Sunday, March 6, 2011

The Burning Sea

Sitting on the plane I looked out the window just after takeoff. A sepia sea grew wider underneath me changing as quickly as we flew. It felt like I was upside down underwater looking up at the surface but it was dark, opaque and thin. At first I thought it might be the moon but it had too much color; then I thought it might be the lights on the plane but then I realized we were too far to reflect them; finally I realized the lights from Atlanta just below me were casting their orange ambience on the clouds. Staring down felt like an eerie dream of a burning sea, vast and empty, limited only by the distance I could see. Suddenly I wondered if this is how God sees us when he stares down from heaven - a burning sea. What does hell look like?

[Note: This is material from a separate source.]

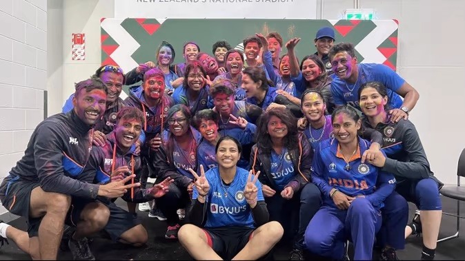 एबीएन स्पोर्ट्स डेस्क। महिला विश्व कप में भारतीय टीम का प्रतिनिधित्व कर रही खिलाड़ियों ने भी जमकर होली का मजा लिया। टीम इंडिया की सभी खिलाड़ियों ने मस्ती की, लेकिन स्नेह राणा इन सब चीजों से दूर रहीं। बीसीसीआई ने होली खेलने के बाद महिला टीम की एक फोटो भी शेयर की है, जिसमें सभी खिलाड़ी रंग-बिरंगी दिख रही हैं, लेकिन स्नेह राणा के शरीर में गुलाल तक नहीं है। हालांकि, स्नेह ने क्यों होली न खेलने का फैसला किया इसकी वजह नहीं पता चल पाई है। भारतीय टीम का अगला मुकाबला ऑस्ट्रेलिया के साथ है। इस मैच में भारत के लिए जीत बहुत जरूरी है, लेकिन खिलाड़ियों ने मैच से पहले होली में मस्ती करने का मौका नहीं छोड़ा। पिछले विश्व कप में भारत ने कंगारू टीम के खिलाफ ऐतिहासिक जीत दर्ज की थी। इस मैच में भी टीम इंडिया अपने पुराने प्रदर्शन को दोहराना चाहेगी। महिला विश्व कप में भारत की मुश्किलें बढ़ी : महिला विश्व कप में भारत ने चार में से दो मैच जीते हैं, जबकि दो में उसे हार का सामना करना पड़ा है। भारत का अगला मैच शनिवार को ऑस्ट्रेलिया कि एखिलाफ है। इस मैच में टीम इंडिया के लिए जीत बहुत जरूरी है। अगर भारतीय टीम को हार का सामना करना पड़ता है, तो उसके सेमीफाइनल में पहुंचने की उम्मीदें कमजोर पड़ सकती हैं।

 After this I looked, and there before me was a great multitude that no one could count, from every nation, tribe, people and language, standing before the throne and before the Lamb. They were wearing white robes and were holding palm branches in their hands. – Revelation 7:9 (NIV)
Paul records an immeasurable amount of people before the throne of God and again in Revelation 19 with a more specific reference to those dressed in white, implying their righteousness through salvation. If those who are before the throne are so great that they cannot be measured then taking into account Jesus’ words in Matthew 7:13-14 –
Enter through the narrow gate. For wide is the gate and broad is the road that leads to destruction, and many enter through it. But small is the gate and narrow the road that leads to life, and only a few find it.
How many more people are in hell than heaven? Why haven’t I realized this before? Why hasn’t that saddened me more?

The Lord is not slow in keeping his promise, as some understand slowness. Instead he is patient with you, not wanting anyone to perish, but everyone to come to repentance. – 2 Peter 3:9
But God demonstrates his own love for us in this: While we were still sinners, Christ died for us. – Romans 5:8
Imagining such an incredible amount of people in torment made me want to cry just then, for the first time I felt true sadness for them. How does God feel? He loves us all so much and yet so few get to stay with him. Maybe that’s why his love for the saints is so incomprehensible. I thought of how I react when I lose something I love – it makes everything I do have that much more precious. How precious are we to him? The ones that make it home. Who am I to be so lucky? Two days later, I’m still not sure what this epiphany will change, but perhaps it’s grounded me more in the urgency with which we ought to share our faith.